**The task**
Each line below from the line with "(وَكَذَا الْعرَاق قُصُورهَا" to the line with "Antec C3 ARGB" must be copied exactly, including those two, and no picture may appear in the copy.

**Input**
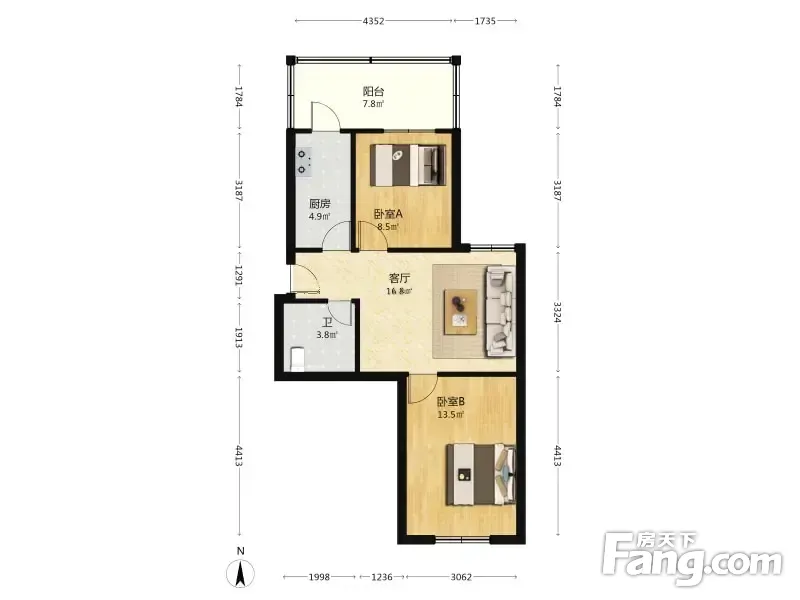 户型齐全,主打双阳台,双卧朝南,主卧朝南二居
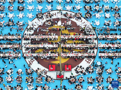 這是第25屆盱眙龍蝦節(jié)歡樂(lè)龍蝦宴現(xiàn)場(chǎng)(6月12日攝,無(wú)人機(jī)照片)。(新華社記者 李博 攝)
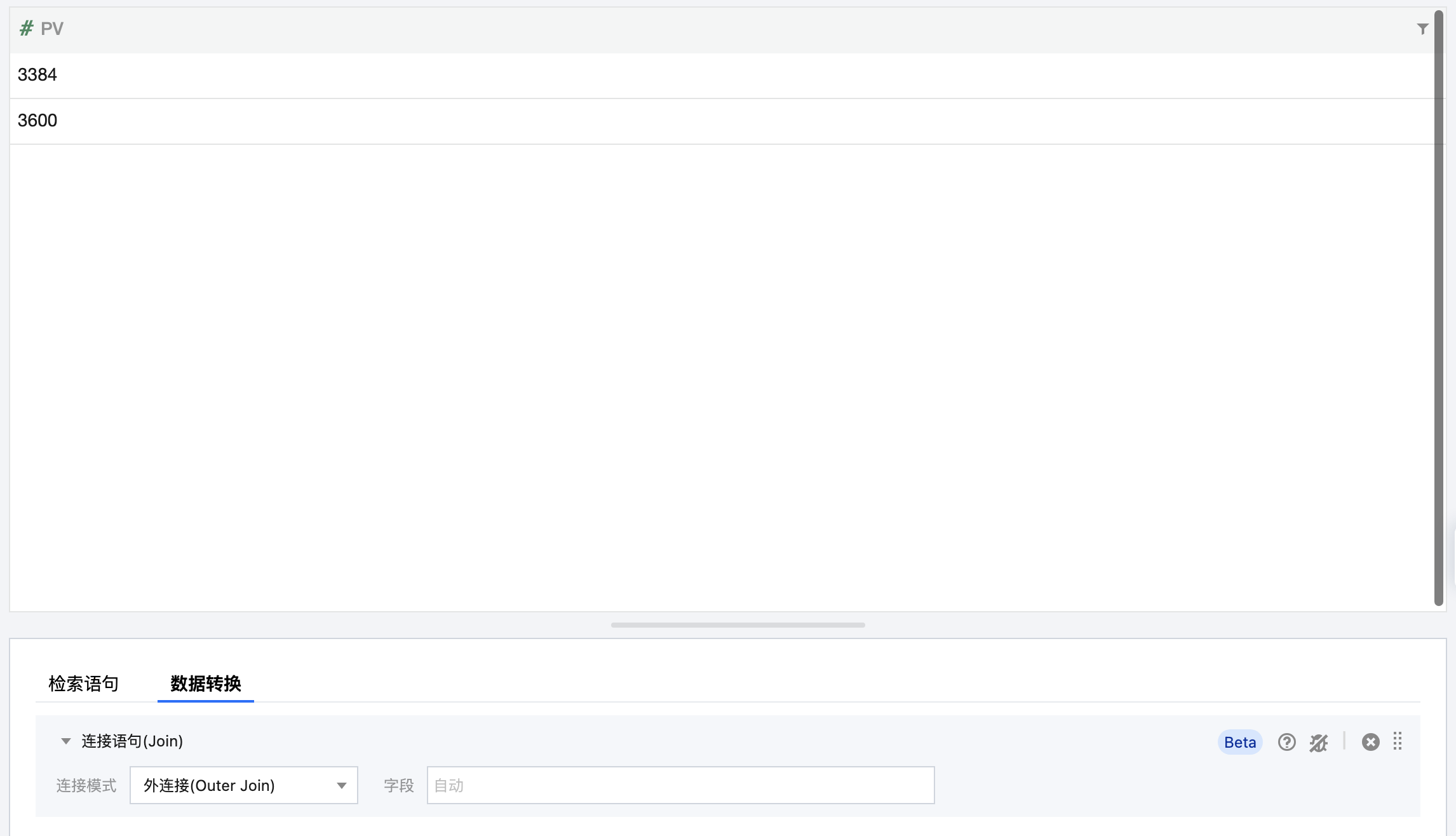 步骤2:添加数据转换--连接语句(JOIN),选择外连接,合并两个语句的业务 PV 在一张表里。
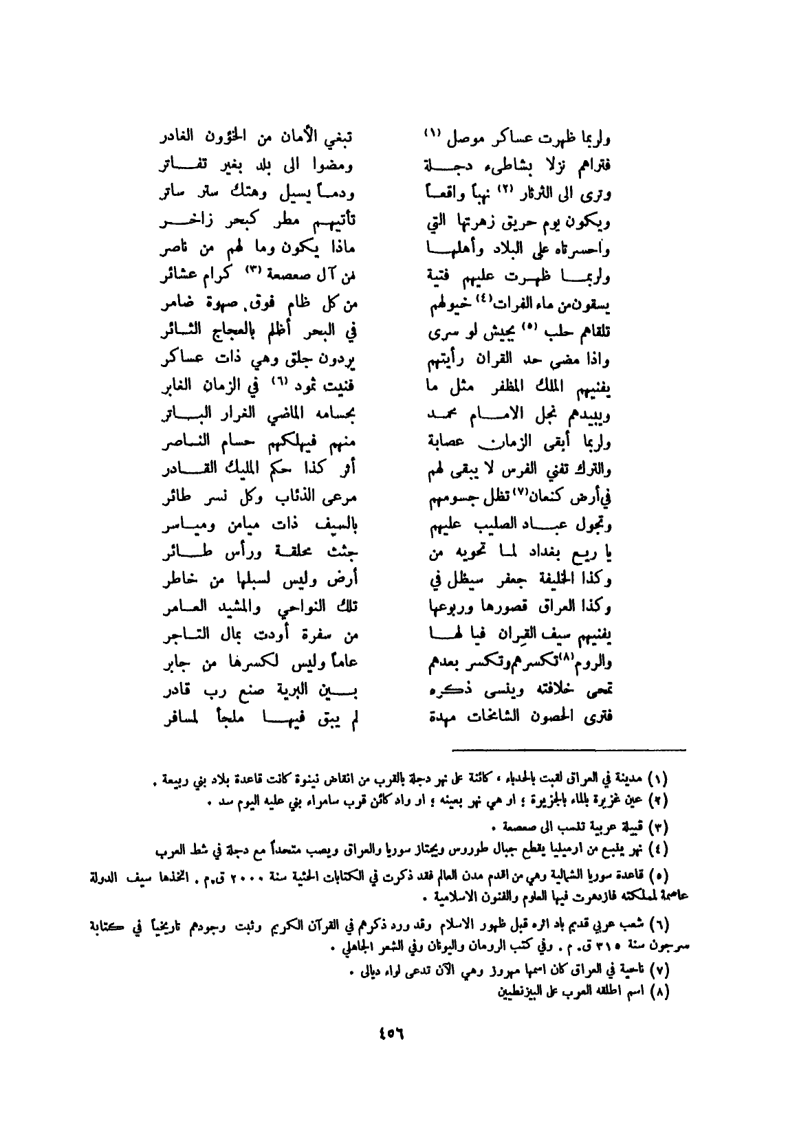 (وَكَذَا الْعرَاق قُصُورهَا وربوعها ... تِلْكَ النواحي والمشيد العامر)
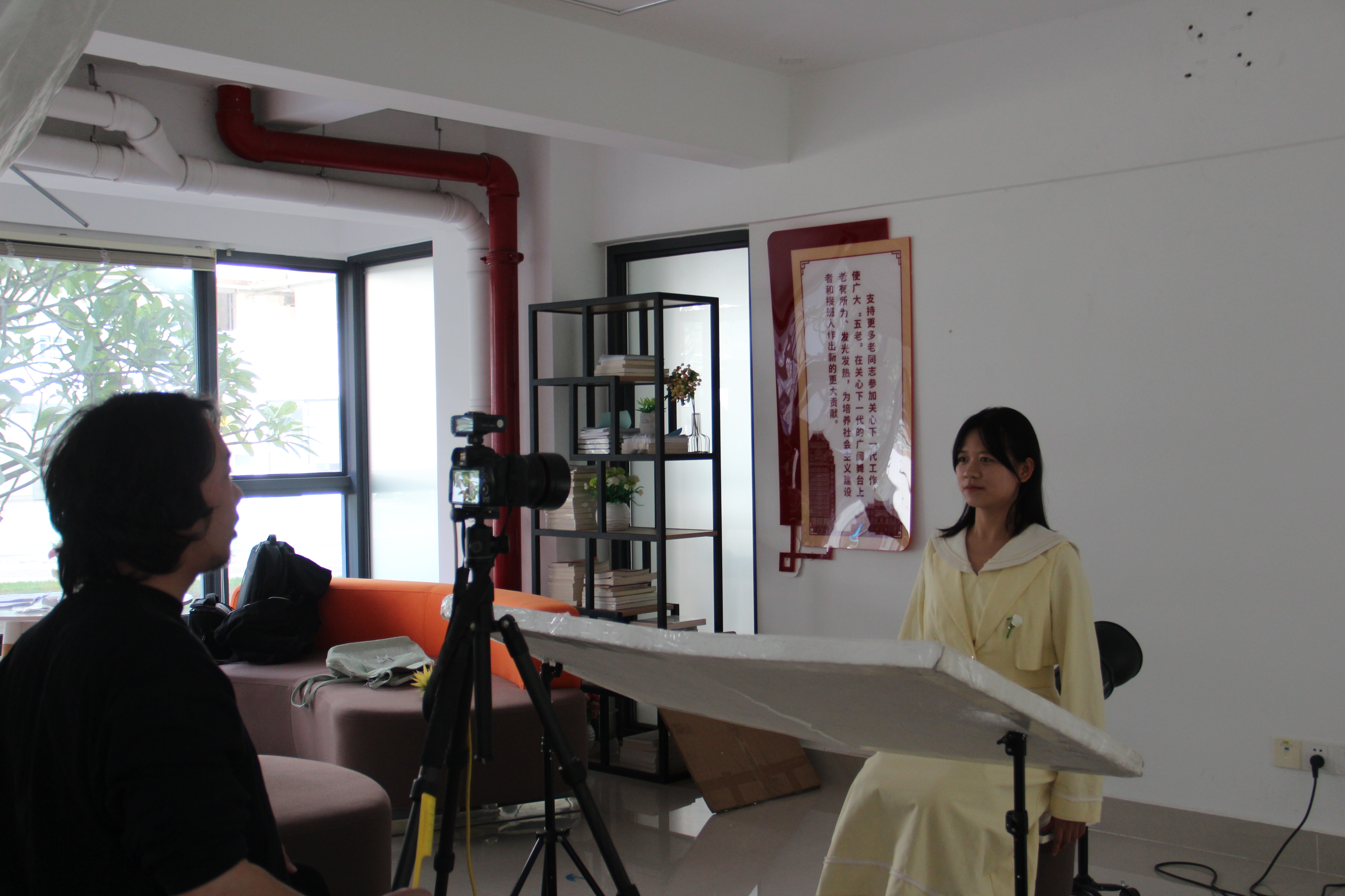 “肩膀放松,挺直腰板,这样看起来更精神。”摄影师一边调整灯光,一边指导大家的姿势与神态,鼓励大家展示良好的自信和活力。参与拍摄的同学们整理好着装,以清爽、阳光的状态在摄像机下定格自信从容、端庄大方的瞬间。拍摄完成后,工作人员将在后期为同学们寄送精修及纸版证件照。
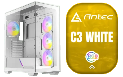 Antec C3 ARGB White - 3 x 120mm & 1 x 120mm ARGB PWM Fans Included - Up to 8 Fans Simultaneously - Type-C - Seamless Tempered Glass Front & Side Panels - 360mm Radiator Support - Mid-Tower ATX PC Case / 0-761345-10032-8 / 0-761345-10032-8
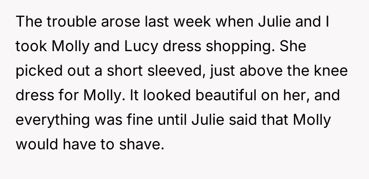 The central disagreement involved his autistic daughter, Molly, and a demand from the sister (Julie) that Molly shave her legs for the event.
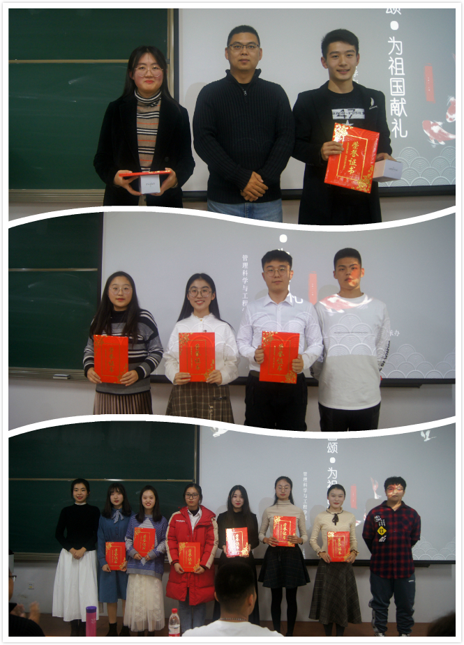 为了弘扬爱国主义,传承爱国情怀,丰富校园生活,提高艺术修养,11月26日晚,我院组织了“国颂·给祖国献礼”—朗诵比赛的决赛。经过层层筛选,最终有11组选手进入决赛现场。本次比赛得到了广大老师领导和学生干部的关心和支持,出席比赛的评委嘉宾有18级辅导员孙智凝老师,管科院主要学生干部以及艺术团主要成员。
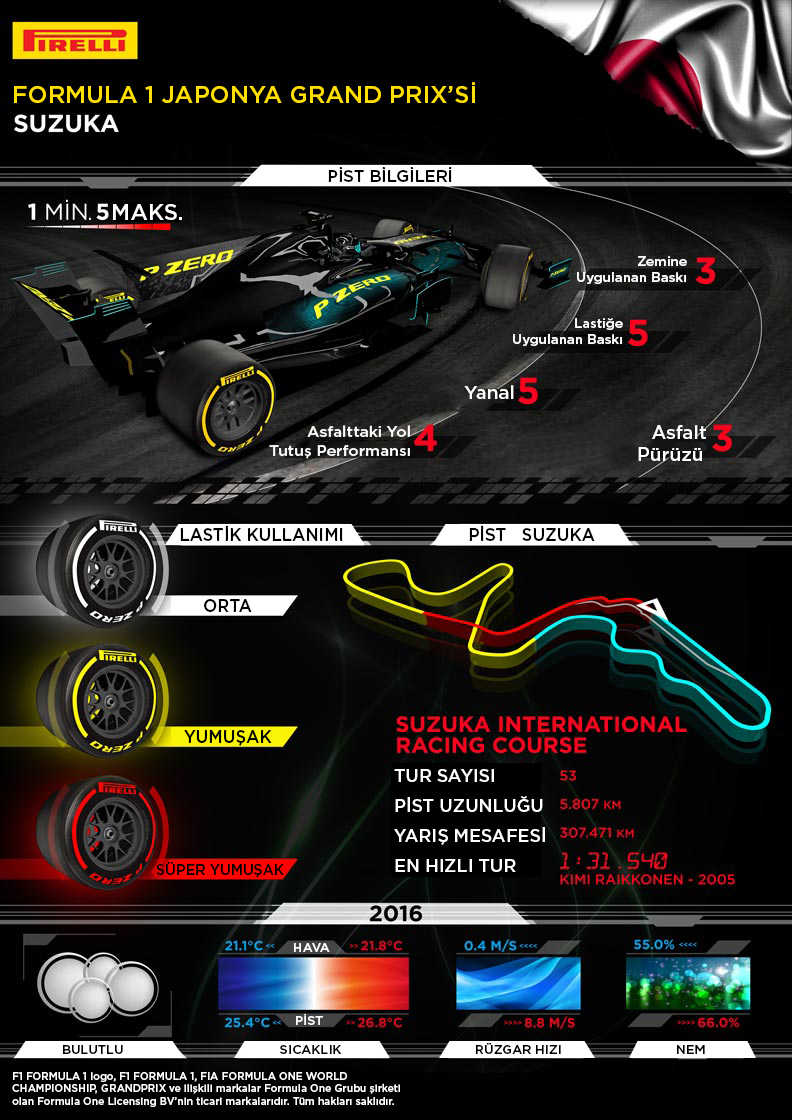 Japonya'da gerçekleştirilecek Formula 1 sezonunun on altıncı yarışı öncesinde Pirelli pilotların kullanacağı lastikleri açıkladı.

**Exercise answer**
 (وَكَذَا الْعرَاق قُصُورهَا وربوعها ... تِلْكَ النواحي والمشيد العامر)
 “肩膀放松,挺直腰板,这样看起来更精神。”摄影师一边调整灯光,一边指导大家的姿势与神态,鼓励大家展示良好的自信和活力。参与拍摄的同学们整理好着装,以清爽、阳光的状态在摄像机下定格自信从容、端庄大方的瞬间。拍摄完成后,工作人员将在后期为同学们寄送精修及纸版证件照。
 Antec C3 ARGB White - 3 x 120mm & 1 x 120mm ARGB PWM Fans Included - Up to 8 Fans Simultaneously - Type-C - Seamless Tempered Glass Front & Side Panels - 360mm Radiator Support - Mid-Tower ATX PC Case / 0-761345-10032-8 / 0-761345-10032-8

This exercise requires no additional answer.